# Interesting switch at Stew-Mac



## mhammer (Nov 30, 2007)

This is a switch intended to retrofit the standard Gibson toggle location, but it has *six* positions. Pricey, as switches go, but offers a wealth of possibilities for the cost of a cheap pedal or pickup.

http://www.stewmac.com/shop/Electro.../Free-Way_Pickup_Switch.html?tab=Instructions


----------



## NGroeneveld (Jan 23, 2011)

Certainly gives a lot of options - thanks for posting.


----------



## buzzy (May 28, 2011)

Interesting. I have no need for one at the moment but it's nice to know such a thing exists. Thanks for posting.


----------



## Lincoln (Jun 2, 2008)

I see Solo Guitars is now a dealer for Free-Way Switches. Has anybody played around with these switches at all? They have LP, Strat & Tele models. Expensive but interesting.

Free-Way Switches


----------



## sulphur (Jun 2, 2011)




----------



## knight_yyz (Mar 14, 2015)

I used one on my 3 pickup Epiphone black beauty. You can do a lot with it. They have tons of diagrams available on the free way site


----------



## tomee2 (Feb 27, 2017)

7 year old post...but still useful! I need one of these, for a 3 pickup project... I guess maybe I dont need mini toggles after all?


----------



## player99 (Sep 5, 2019)

$80 for a switch seems a bit much, but I haven't watched the videos.






- StewMac







www.stewmac.com


----------



## Latole (Aug 11, 2020)

mhammer said:


> This is a switch intended to retrofit the standard Gibson toggle location, but it has *six* positions. Pricey, as switches go, but offers a wealth of possibilities for the cost of a cheap pedal or pickup.
> 
> stewmac.com


Link do not work for me 
This is the switch,


----------



## player99 (Sep 5, 2019)

Latole said:


> Link do not work for me
> This is the switch,
> 
> View attachment 341742


Above I posted the link.


----------



## Latole (Aug 11, 2020)

player99 said:


> Above I posted the link.


AhAhAh!


----------



## zztomato (Nov 19, 2010)

Lincoln said:


> I see Solo Guitars is now a dealer for Free-Way Switches. Has anybody played around with these switches at all? They have LP, Strat & Tele models. Expensive but interesting.
> 
> Free-Way Switches


I just installed one of these in a strat. 
It works well and gives you 5 more sounds just by pushing the switch down. 
For me, the only additional sound I like on a strat is the neck and bridge together. That can be achieved with a push/pull or blend pot.
I find all the other sounds not useful. Single coils placed in series I find loud but undefined in a mix. Plus, 6 sounds on a guitar is pretty good- 5 regular strat and one with the blender. Of course, with the blender pot, you also get all three pickups activated in position 2 and 4. Again though, all three together produce a sound that is less defined than the 2 and 4 normally give you. 
Variety is good if you like that kind of thing and the switch does work well.


----------



## Latole (Aug 11, 2020)

" For me, the only additional sound I like on a strat is the neck and bridge together. That can be achieved with a push/pull or blend pot.
I find all the other sounds not useful.
-zztomato

Why don't wire your original 5 ways switch this way ?


----------



## greco (Jul 15, 2007)

Latole said:


> " For me, the only additional sound I like on a strat is the neck and bridge together. That can be achieved with a push/pull or blend pot.
> I find all the other sounds not useful.
> -zztomato
> 
> Why don't wire your original 5 ways switch this way ?


Can it be done? 
Do you have a wiring diagram for that?
Is it a trade off whereby something has to be lost to gain this pickup selection? 

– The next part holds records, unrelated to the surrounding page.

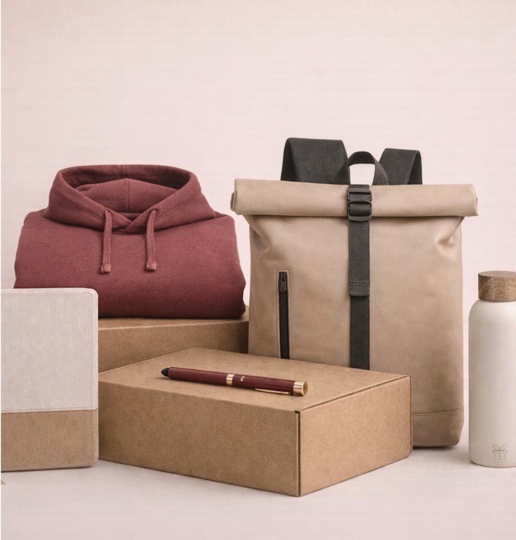 - Best-sellers faciles à offrir : stylos, mugs, gourdes, tote bags, accessoires bureau
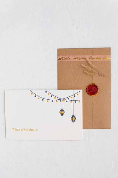 Embrace the timeless joy of Eid with Maraseel's exclusive "Folktales of Eid" greeting card. Capturing the warmth and charm of this revered occasion, this half-letter-sized card (8.5 x 5.5 inches) is a heartfelt addition to your Eid celebrations.
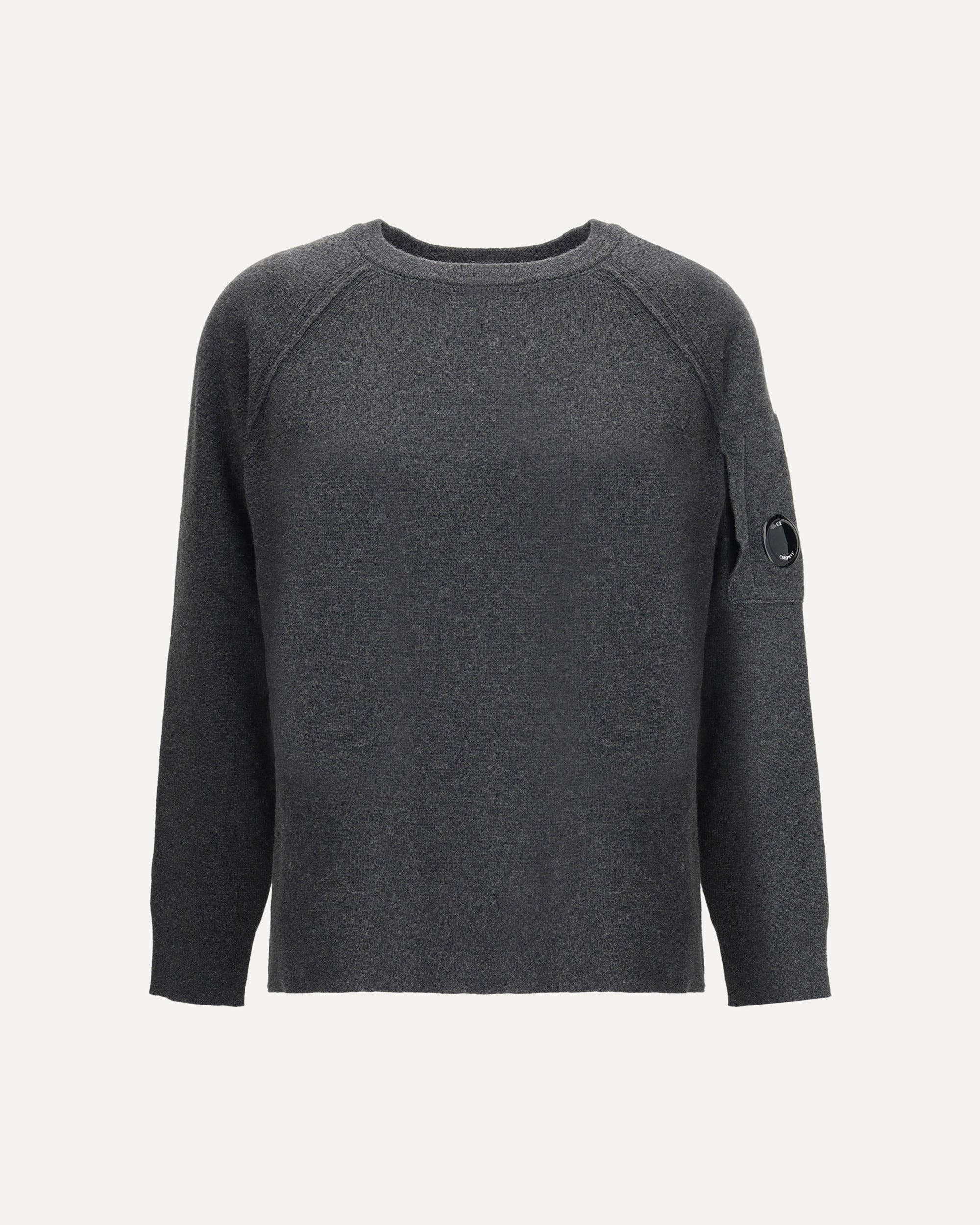 C.P. Company's Wool Sweater is distinguished by its long sleeves, one of which is enhanced by an iconic detail: the logo lens with integrated zipper pocket. Ribbed edges complete the design, lending a touch of structure and character to a functional garment with a recognizable style. DETAILS - Sku: 19CMKN040A110149A_978 - Season: AW25 - Fit: Regular - Composition: GENERAL 80% Wool 20% Polyamide - MADE IN MOLDOVA
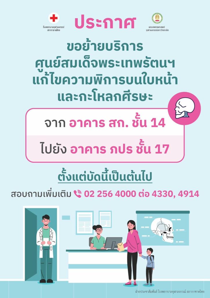 โรงพยาบาลจุฬาลงกรณ์ แจ้งการย้ายบริการศูนย์สมเด็จพระเทพรัตนฯ จากอาคาร สก. ชั้น 14 ไปยัง อาคาร ภปร ชั้น 17 ข่าวสารกิจกรรม โรงพยาบาลจุฬาลงกรณ์ แจ้งการย้ายบริการศูนย์สมเด็จพระเทพรัตนฯ จากอาคาร สก. ชั้น 14 ไปยัง อาคาร ภปร ชั้น 17 โรงพยาบาลจุฬาลงกรณ์ สภากาชาดไทย แจ้งการย้ายบริการศูนย์สมเด็จพระเทพรัตนฯ แก้ไขความพิการบนใบหน้าและกะโหลกศีรษะ จากอาคาร สก. ชั้น 14 ไปยัง อาคาร ภปร ชั้น 17 ตั้งแต่บัดนี้เป็นต้นไป สอบถามเพิ่มเติม โทร. 0 2256 4000 ต่อ 4330, 4914 ที่มา : https://citly.me/15hVt Post Views: 30 FacebookFacebookXTwitterLINELine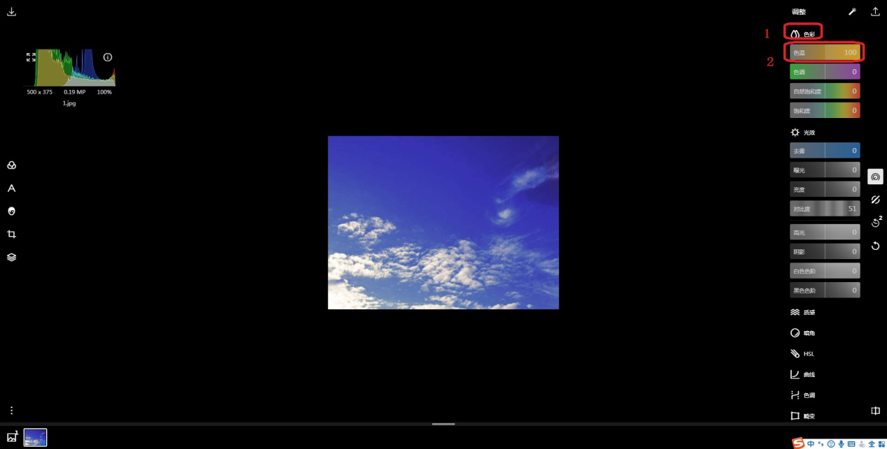3、同样,在【色彩】中找到【色温】。提高色温数值可以让画面偏向于暖色;降低色温可以让画面偏向于冷色,用户可以根据需要自行调节。这里选择提高色温数值使画面更温暖。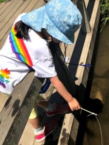 ちいさなミナミヌマエビがとれたようで、大喜びしていました。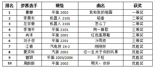 本次校園”十佳歌手“大賽分為初賽,復(fù)賽和決賽三個(gè)部分,歷時(shí)近一個(gè)月。經(jīng)過班級(jí)初賽推選,共有80多名學(xué)生進(jìn)入復(fù)賽,再經(jīng)過一輪篩選,共有13名選手脫穎而出,進(jìn)入決賽。他們利用課余時(shí)間認(rèn)真準(zhǔn)備,多次排練,力爭取得好的成績。決賽的舞臺(tái)上,他們盡情散發(fā)著自己的魅力,用嘹亮的歌聲感染著現(xiàn)場每一個(gè)人。通過激烈的比拼,最終曹娜、李昊東、左宇豪、李湘平、肖洋、劉子俊、江豪、夏賢科、曾穎、周盼盼榮獲校園“十佳歌手”稱號(hào)。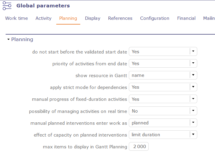 Did you change the max number of items in Global parameters / Planning ?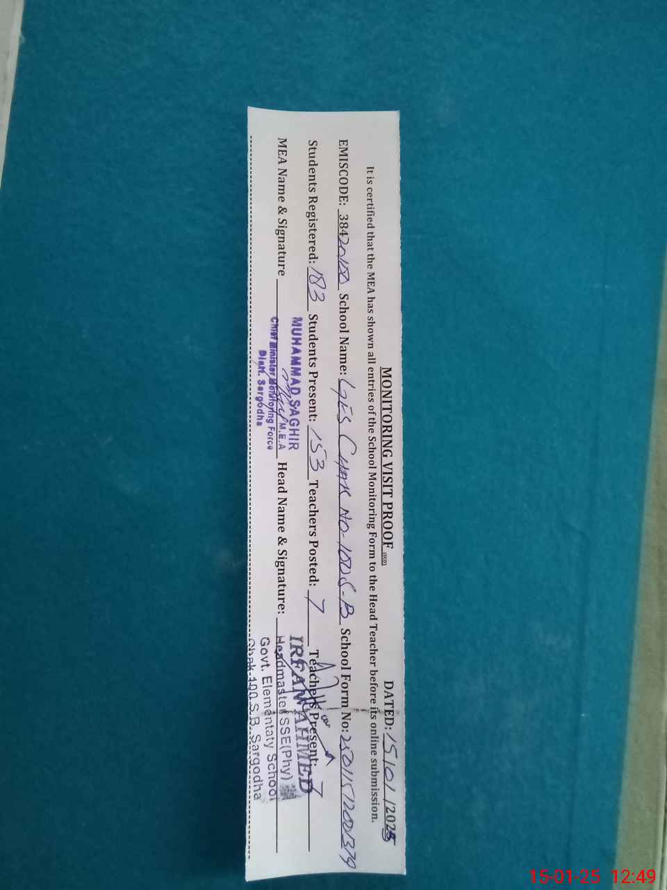 | EMIS Code: 38420100 | Name of School: GES CHAK NO.100 SB | |||

@zztomato is an extremely skilled luthier. I can't imagine him going to the trouble of using a push/pull or blend pot unless it was necessary.


----------



## Latole (Aug 11, 2020)

First zzmato may want to try this Free-Way switch ? 
Not mod his guitar pickups switch.

I don't have shematic, I'm pretty shure you can do this wiring. 
Just need to move some wires. 
If I have time I'll look at it.

You can"t keep all other actual pickup selction


----------



## zztomato (Nov 19, 2010)

Latole said:


> First zzmato may want to try this Free-Way switch ?
> Not mod his guitar pickups switch.
> 
> I don't have shematic, I'm pretty shure you can do this wiring.
> ...


I'm not clear what you are talking about. 
I've installed the Free Way switch in a strat. It's cool. I just don't have a use for those extra sounds apart from having the bridge and neck together. I use all the other sounds in a typical strat so would not want to give anything up. The blend works great as does a push/pull. I have 2 strats with blend and two other 3 pickup guitars that only have have volume and tone so I use the push/ pull on those guitars. 

The Free Way on a LP opens up a lot of useful sounds. Kind of like the Page wiring- 4 push pulls, lots of good sounds.


----------